The campaign to make the Keystone XL the test of Obama’s resolve on climate change.
On the day of his second Inauguration, in January, Barack Obama delivered an address of unabashed liberal ambition and promise. As recently as early April, before the realities of the world and the House of Representatives made themselves painfully evident, the President retained the confidence of a leader on the brink of enormous achievements. It seemed possible, even probable, that he would win modest gun-control legislation, an immigration-reform law, and the elusive grand bargain with Republicans to resolve the serial crises over the federal budget.

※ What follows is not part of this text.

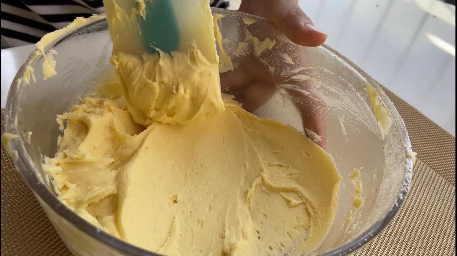 切拌到颜色一致,用刮刀刮几下,没有面粉颗粒就可以了。
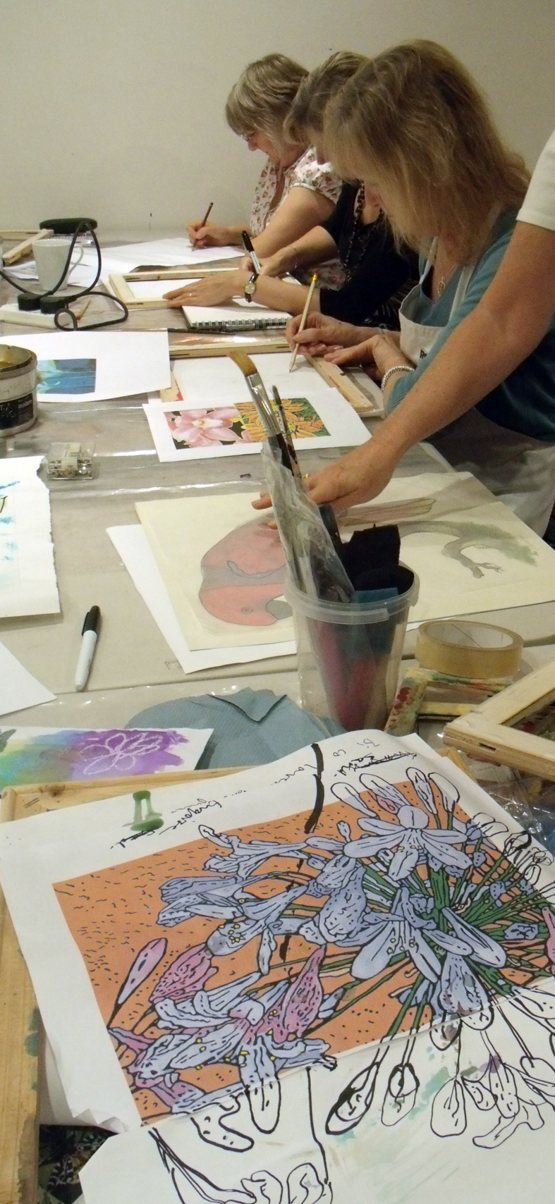 however once Debbie had explained how to set about developing a linear version of the images to enable drawing with a melted wax line, they soon got going to develop more interesting textile studies….

And he seemed determined to take on even the most complicated and ominous problem of all: climate change. The President, who had a mixed environmental record after his first term, vowed that he would commit his Administration to combatting global warming, saying that “failure to do so would betray our children and future generations.”
The President flew to San Francisco on April 3rd for a series of fund-raisers. He stopped in first at a cocktail reception hosted by Tom Steyer, a fifty-six-year-old billionaire, former hedge-fund manager, and major donor to the Democratic Party. Steyer lives in the city’s Sea Cliff neighborhood, in a house overlooking the Golden Gate Bridge. As the President’s motorcade headed to the party, several hundred activists were assembling along the route to his second event—a dinner hosted by Ann and Gordon Getty, in Pacific Heights, on a street known as Billionaires’ Row.